● HOW TO COMPLETE THIS TASK:
Reproduce nothing but the lines from the start of the material through the line that includes "ローダウンするにあたり、タイ", both ends included, and omit every picture.

● STORED DATA:

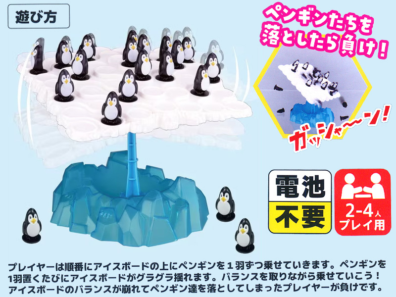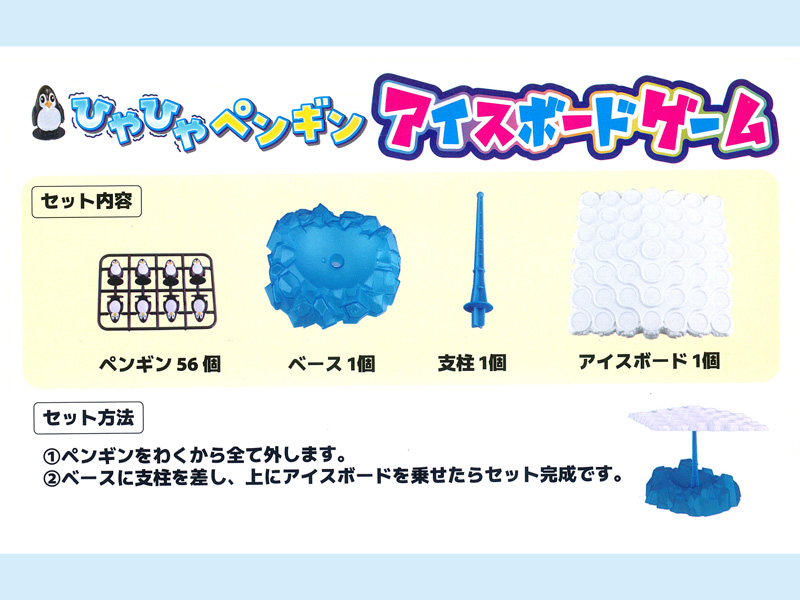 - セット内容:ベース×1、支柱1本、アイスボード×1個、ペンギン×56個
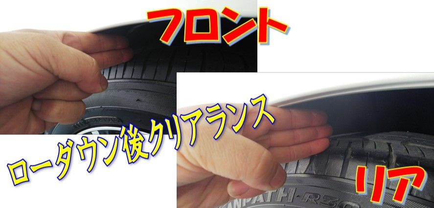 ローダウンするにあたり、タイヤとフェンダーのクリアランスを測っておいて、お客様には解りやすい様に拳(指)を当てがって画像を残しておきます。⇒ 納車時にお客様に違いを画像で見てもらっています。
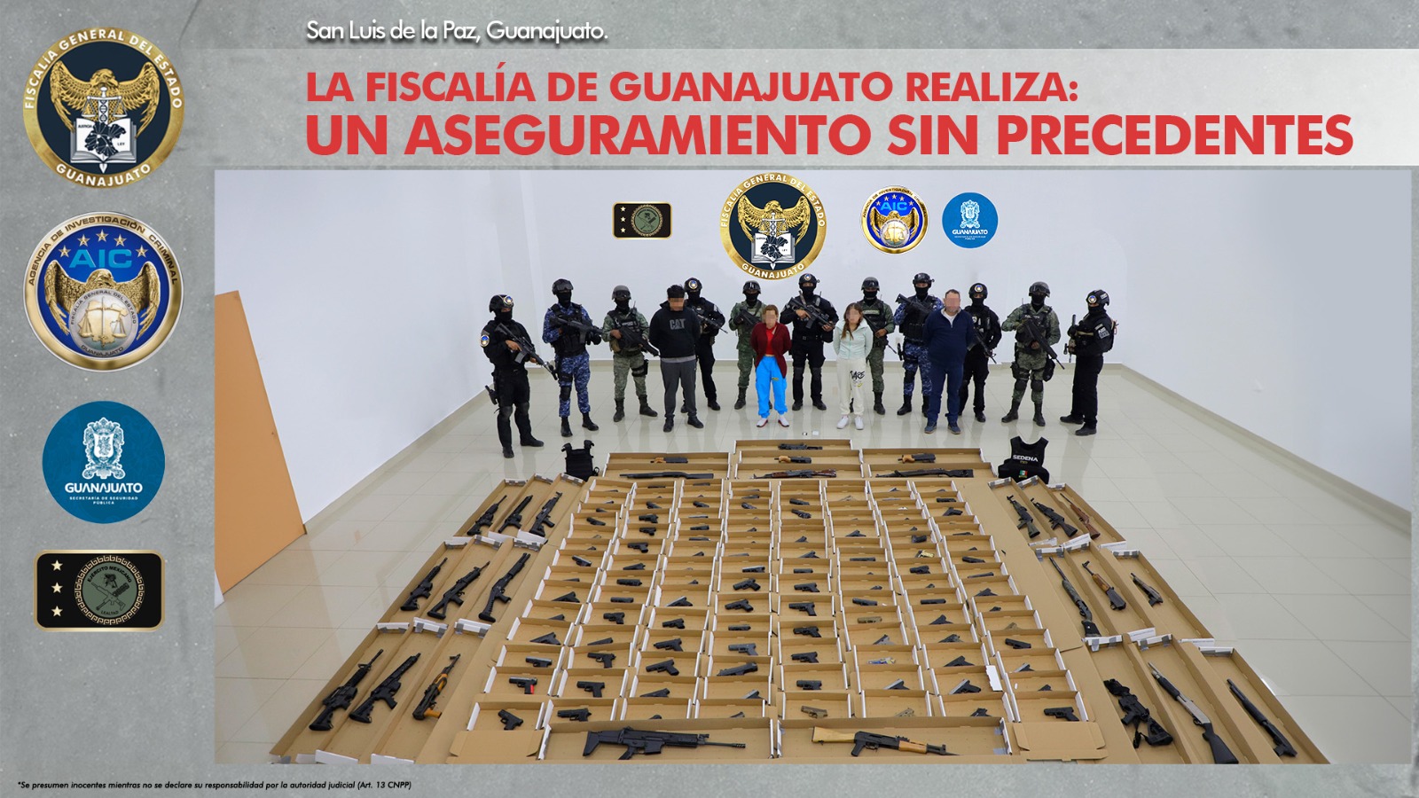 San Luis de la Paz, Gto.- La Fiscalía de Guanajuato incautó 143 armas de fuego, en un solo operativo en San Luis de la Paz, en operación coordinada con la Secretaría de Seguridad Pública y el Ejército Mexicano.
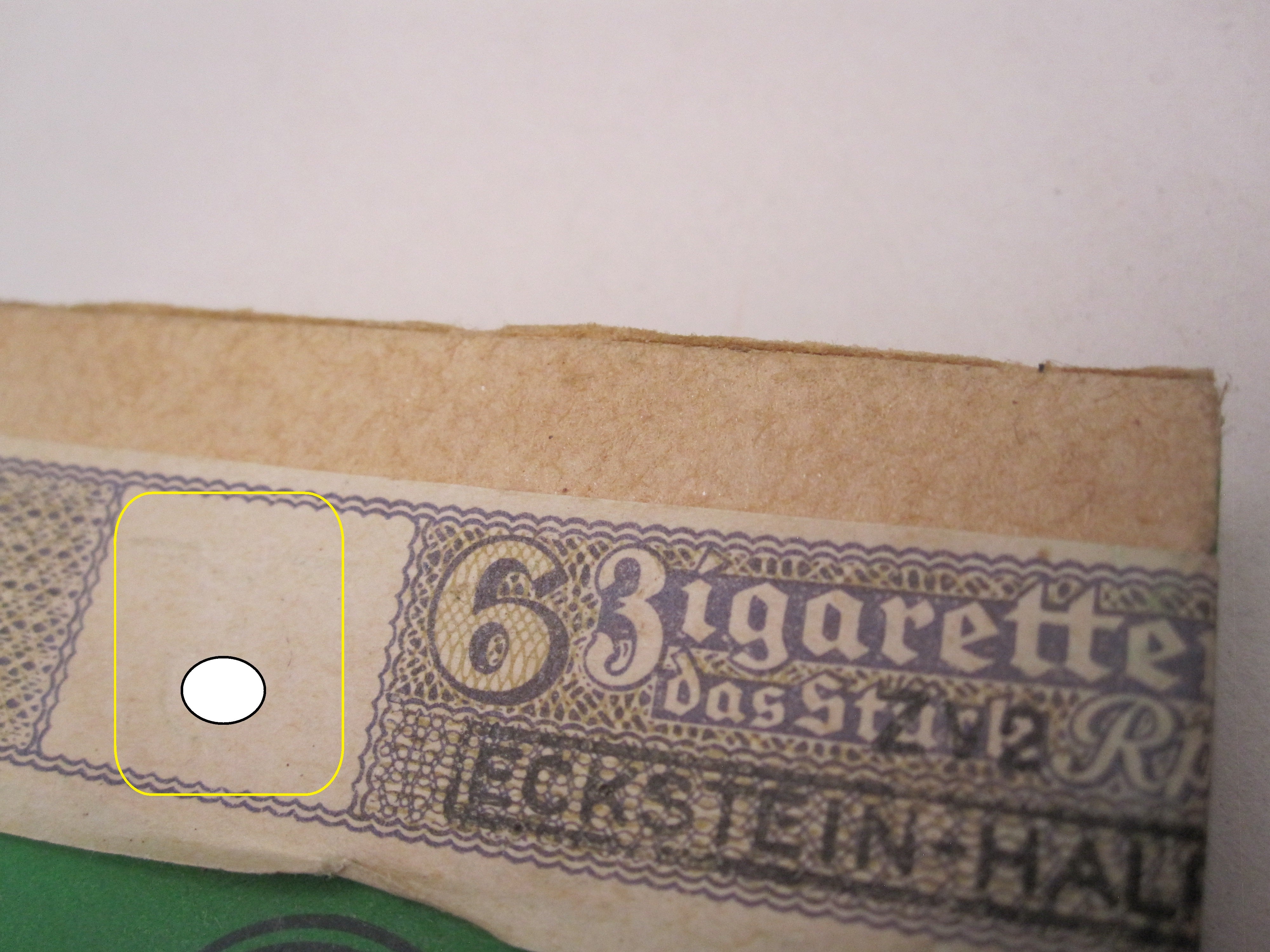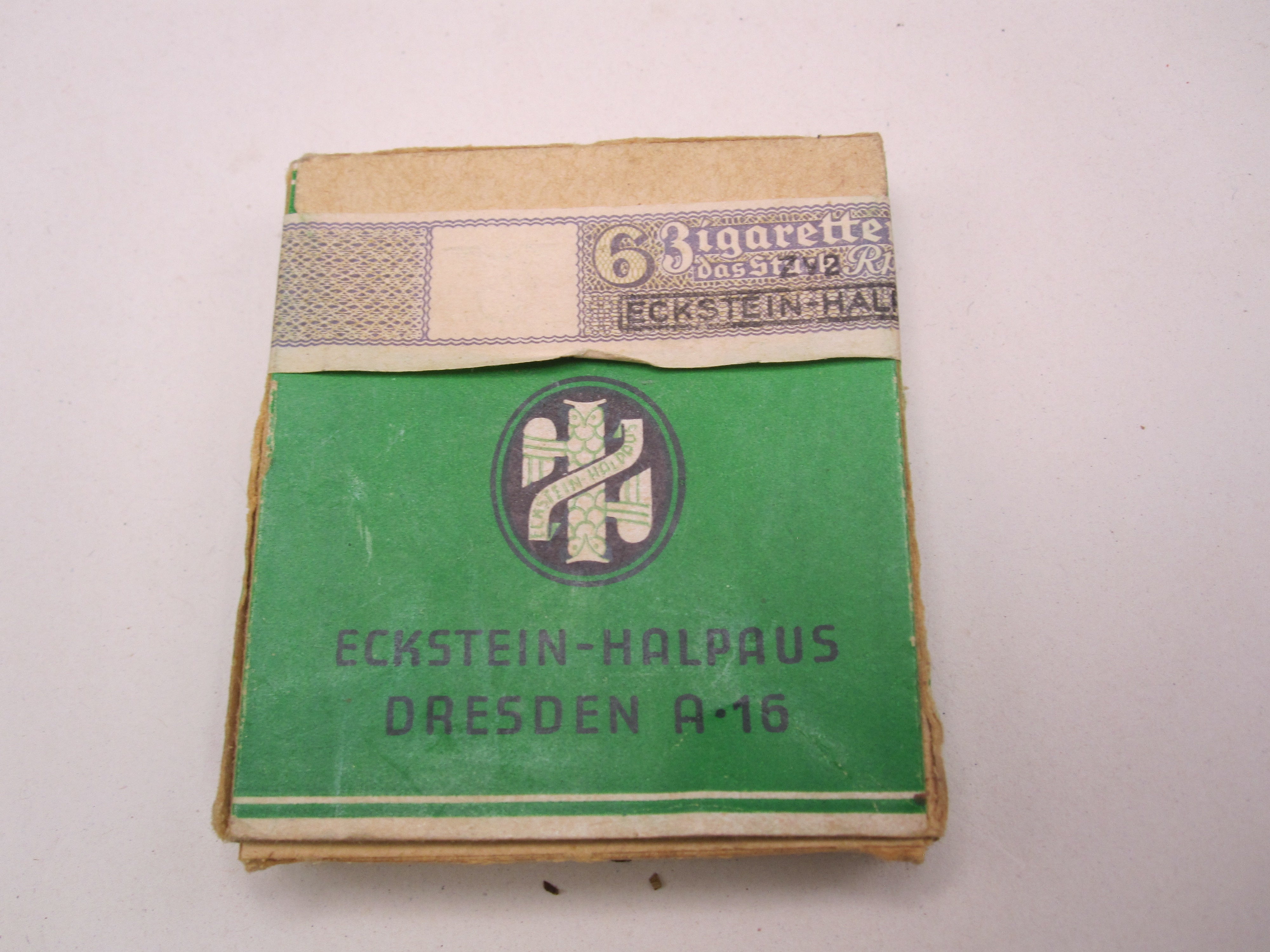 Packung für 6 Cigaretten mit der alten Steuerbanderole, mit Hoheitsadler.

● SOLUTION BELOW:
 - セット内容:ベース×1、支柱1本、アイスボード×1個、ペンギン×56個
 ローダウンするにあたり、タイヤとフェンダーのクリアランスを測っておいて、お客様には解りやすい様に拳(指)を当てがって画像を残しておきます。⇒ 納車時にお客様に違いを画像で見てもらっています。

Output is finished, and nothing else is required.